There is good data for Britannias catch in Greenland whale fisheries between 1814 and 1821. throughout the period her master was Jacks.

| Year | Where | Whales | Tuns whale oil |
|---|---|---|---|
| 1814 | Greenland | 25 | 168 |
| 1815 | Davis Strait | 11 | 150 |
| 1816 | Greenland | 8 | 95 |
| 1817 | Greenland | 2 | 27 |
| 1818 | Greenland | 10 | 136 |
| 1819 | Greenland | 7 | 85 |
| 1820 | Greenland | 12 | 157 |
| 1821 | Greenland | 5 | 83 |

===Sturge & Co.===
Between 1822 and 1837 Britannia made five whaling voyages for Sturge & Co. Thomas Sturge was a Quaker and owner of some 22 vessels, many of them South Seas-whalers. He purchased Britannia in 1822 and kept her until 1844, though for the last four years she served as a collier.

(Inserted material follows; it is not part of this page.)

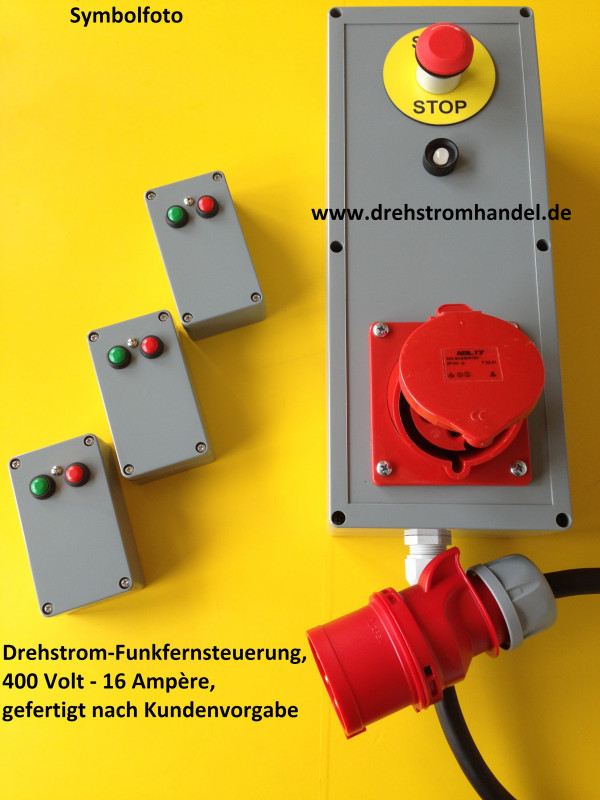Funkfernsteuerung / Funkfernbedienung für Drehstrom / Kraftstrom zur Bedienung von geeigneten Geräten, Aggregaten, Zubehörteilen per Funk. Drehstrom 400 Volt / 16 Ampère.
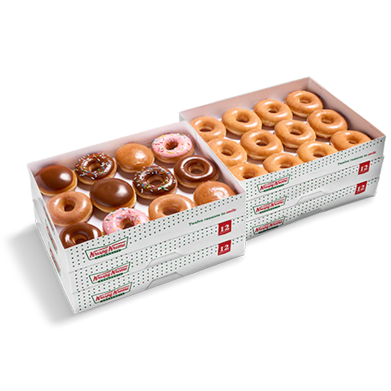 Perfect for parties, meetings, and celebrations big & small! The OG Party Bundle includes: - (6) Original Glazed® Dozens – the iconic, melt-in-your-mouth treat that everyone loves. Serving up to 72 people, this bundle is an easy and delicious way to keep the whole group happy.

Voyage #1: Britannia, Luce, master, left Britain in 1822. She stopped in at Rio de Janeiro on her way to the South Seas fishery, and was reported to have 50 barrels of whale oil by December 1822. She returned on 20 July 1823 with 80 casks, plus fins (baleen).

Voyage #2: Captain Lawton (or Laughton) left Britain on 20 January 1824. Britannia was reported to have 260 barrels in July 1824. She was at Honolulu on 22 September 1825 with 800 barrels, but with her crew afflicted by scurvy. She returned to Honolulu on 24 October to attempt to retrieve some deserters. Britannia returned to Britain on 2 September 1826 with 450 casks and seven tanks of whale oil.

Voyage #3: Captain Lawton again sailed Britannia on her third whaling voyage, leaving Britain on 20 January 1827 for the Pacific Ocean. On 14 February she was at the cape Verde Islands. On 18 April 1826 she was at Oahu with 1000 barrels, and on 18 May at Honolulu with 1300 barrels. A year later, between 6 and 10 April 1829 Britannia was again at Honolulu, but now with 1900 barrels. By the end of October she was full. She returned to Britain on 7 April 1830 with 353 casks, 38 tanks, and three (seal?) skins.

Voyage #4: Britannia sailed on 23 January 1831 with Ross, master, and destination New Guinea. She was at Mahe on 8 October having sustained damage. By November 1832 she was at New Ireland with 700 barrels of sperm oil. She was reported to have been lost on the Comoro Islands with 900 barrels, but the report proved incorrect. She returned to Britain on 25 March 1834.

Voyage #5: Captain T. Luce sailed Britannia from Britain in 1834. She returned on 23 July 1837 with 50 casks of oil, plus fins.

In 1838 Britannia received a new keel and underwent some repairs. By 1840 she was in service again with B. Young, master, and trade "London collier".

==Fate==
After a career of 47 years that took Britannia to Greenland and the South Pacific, she is no longer listed in 1845.